Few weeks ago, one of my colleagues – Mr. H2 from the Faculty of Businesss Management – told me about his perception on SEM while we were having our breakfast together. He told me that he feels like cheating when he uses SEM, especially when he modifies his model using the ‘modification index’ (this index basically tells us what to do to improve the model’s fitness, such as linking ‘error’ of one ‘item’ with ‘error’ of another ‘item’. To a certain extent, some researchers delete few items in their initial model to get the better fit. Technically in SEM, we call this step as ‘specification search’[1] or in some articles they refer it as ‘model modification’[2].)
I think this paper provides the best answer to what my colleague has raised few weeks ago (I’m looking forward to give him the hardcopy of this article – until now I don’t have that opportunity, he is now very busy with his lectures and doesn’t have time to breakfast with me anymore:) ).

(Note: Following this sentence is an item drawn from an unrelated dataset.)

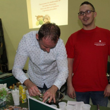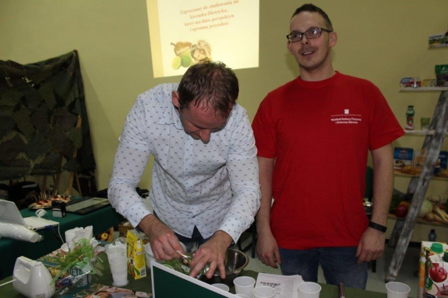 Poza tym przy każdym ze stoisk coś się działo. Wuefiści zapraszali do sprawdzania wydolności organizmu na stacjonarnym rowerku, dietetycy karmili mrożoną ciekłym azotem śmietaną, czyli miętowymi lodami. Mechanicy drukowali na drukarce 3D czerwone trybiki, z których można było robić wielościenne układanki. Energetycy, zapytani jak przekonują maturzystów do studiowania tej dziedziny mówili, że nie ma przyszłości bez prądu, bo bez niego nawet internet padnie. ‒ Nie ma lepszego argumentu ‒ uznali. Fizjoterapeuci masowali, a studenci z bezpieczeństwa wewnętrznego pracowicie robili show, czyli pokazy sztuk walki przy stale oblężonej przez widzów „arenie” z materaców.

This paper is actually a critique to the work done by Segars and Grover (1993) (hereafter S&G). S&G’s work is also a critique to another work done by earlier researchers, Adams, et. al. (1992). So this paper is basically a critique on a critique.
This paper outlines 5 mistakes done by S&G and Adams. We can take these 5 issues as a note of caution and guideline for our future research using SEM.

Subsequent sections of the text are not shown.